**RAW DATA:**
.....
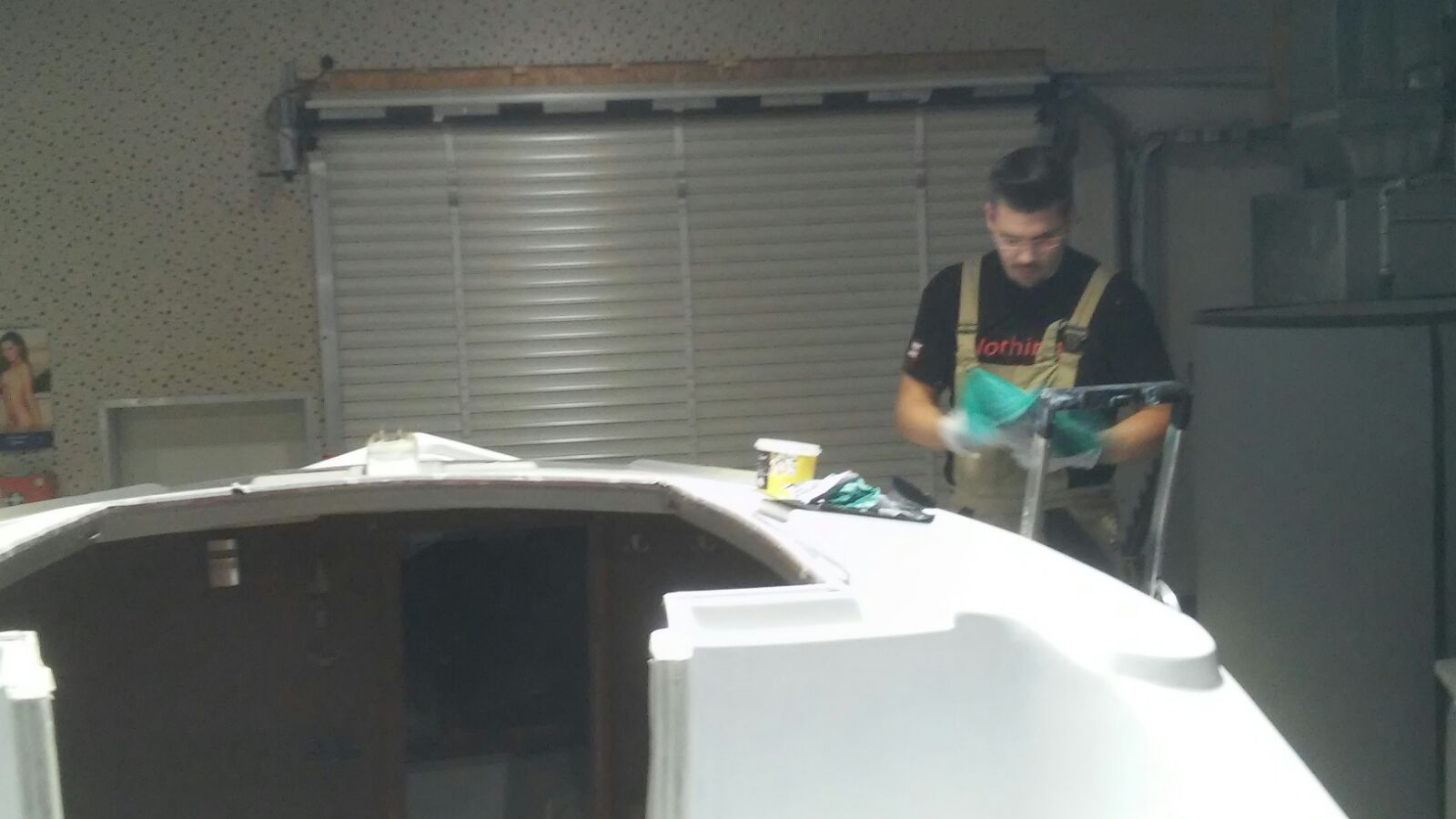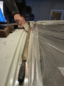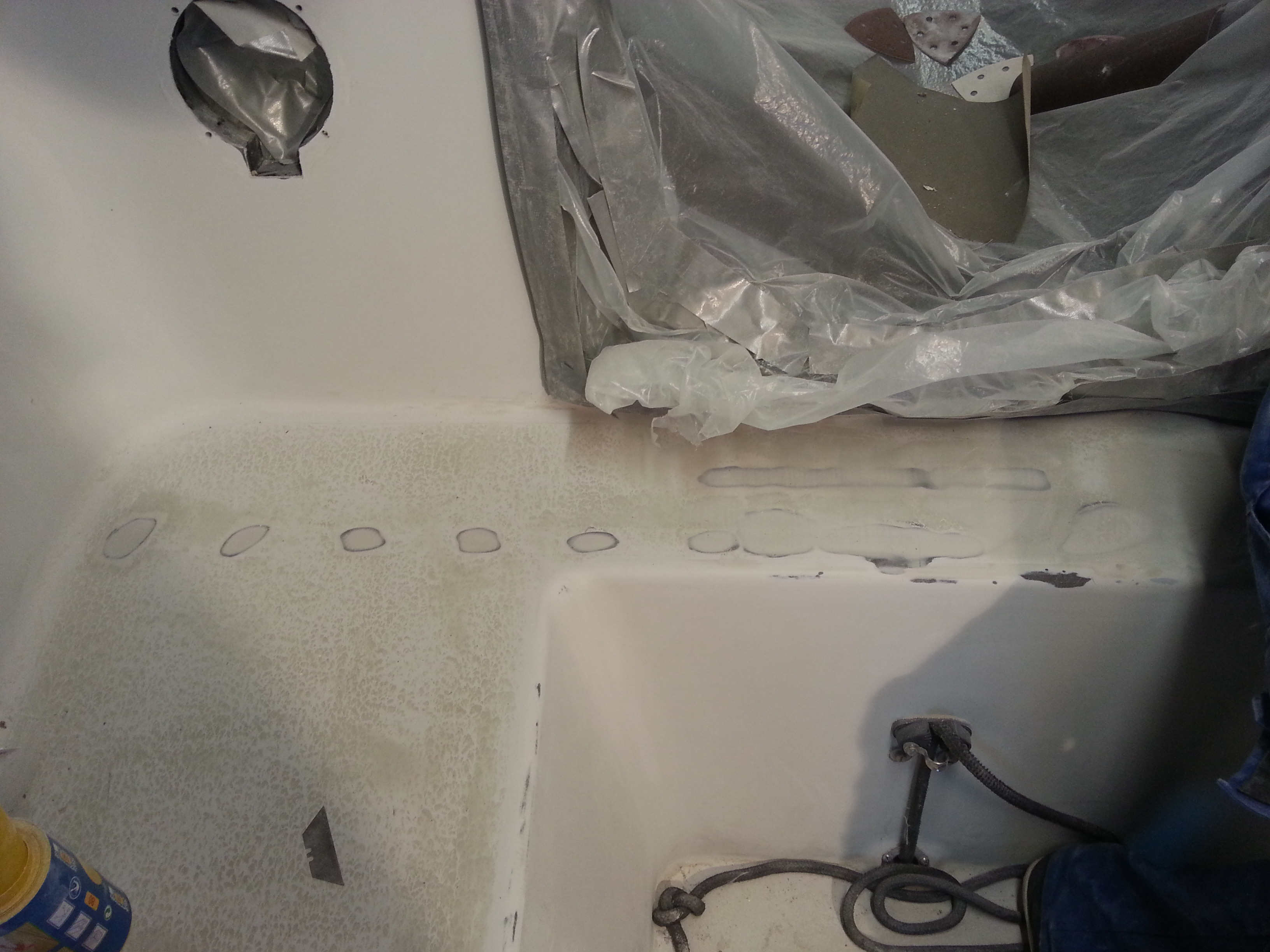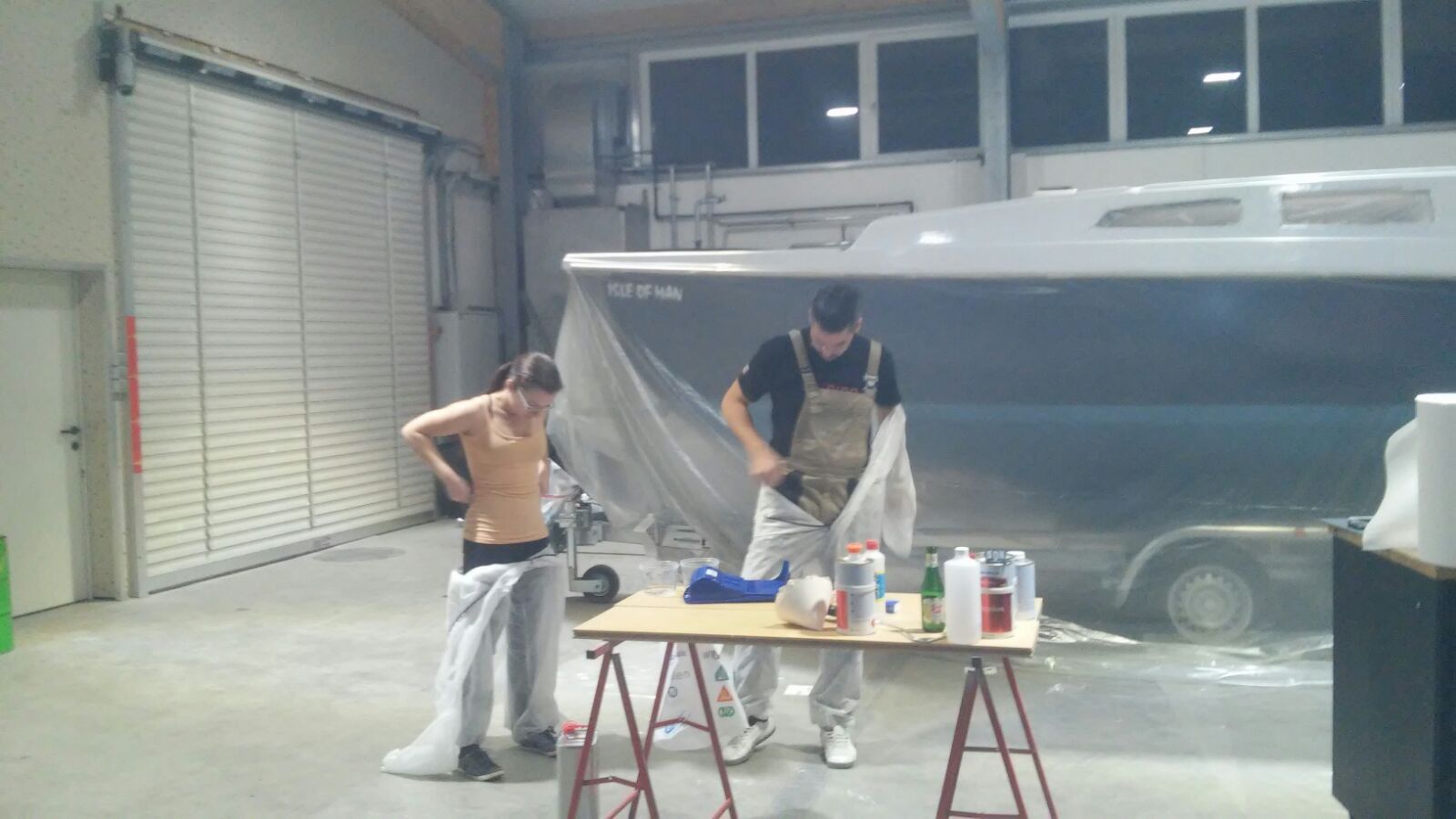 Epoxy ist fast zur Gänze aus, die 3 letzten Schadstellen wurden geöffnet und neu laminiert, dann haben wir den Bereich der zuerst geschliffen wird entfettet und begonnen zu schleifen – ach du Schande ist das mühsam!
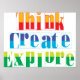Think,Create and Explore is a great reminder that you can do these things to broaden your horizons. This will be a great addition to the classroom, campus or office. Educators get your students to think, create and explore the possibilities! Managers put this up in the workroom to inspire your employees.
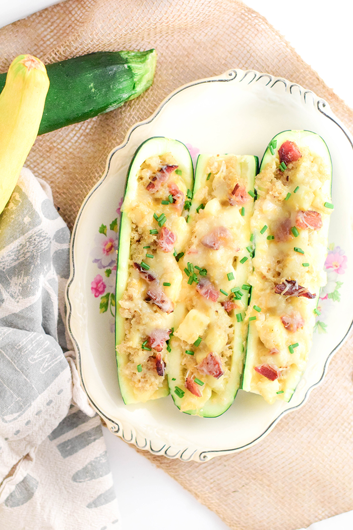 I originally made this post for Austin Woman in the October 2017 issue. There is always some challenge or twist for each recipe and this month the editor asked that I take recipes traditionally made with nightshade vegetables and replace them with other seasonally available produce. For this recipe, I chose the family-friendly stuffed bell pepper recipe to replace with stuffed zucchini boats! Same idea, take a veggie and stuff it will delicious ingredients and voila dinner! Zucchini is always a crowd pleaser for its mild taste and ability to pair well with lots of different flavors– like bacon! Have you made zucchini boats before? Let me know what you think!
.....
**REQUIREMENT:**
With the pictures left out, return the listing above exactly as it stands.

**EXERCISE SOLUTION:**
 Epoxy ist fast zur Gänze aus, die 3 letzten Schadstellen wurden geöffnet und neu laminiert, dann haben wir den Bereich der zuerst geschliffen wird entfettet und begonnen zu schleifen – ach du Schande ist das mühsam!
Think,Create and Explore is a great reminder that you can do these things to broaden your horizons. This will be a great addition to the classroom, campus or office. Educators get your students to think, create and explore the possibilities! Managers put this up in the workroom to inspire your employees.
 I originally made this post for Austin Woman in the October 2017 issue. There is always some challenge or twist for each recipe and this month the editor asked that I take recipes traditionally made with nightshade vegetables and replace them with other seasonally available produce. For this recipe, I chose the family-friendly stuffed bell pepper recipe to replace with stuffed zucchini boats! Same idea, take a veggie and stuff it will delicious ingredients and voila dinner! Zucchini is always a crowd pleaser for its mild taste and ability to pair well with lots of different flavors– like bacon! Have you made zucchini boats before? Let me know what you think!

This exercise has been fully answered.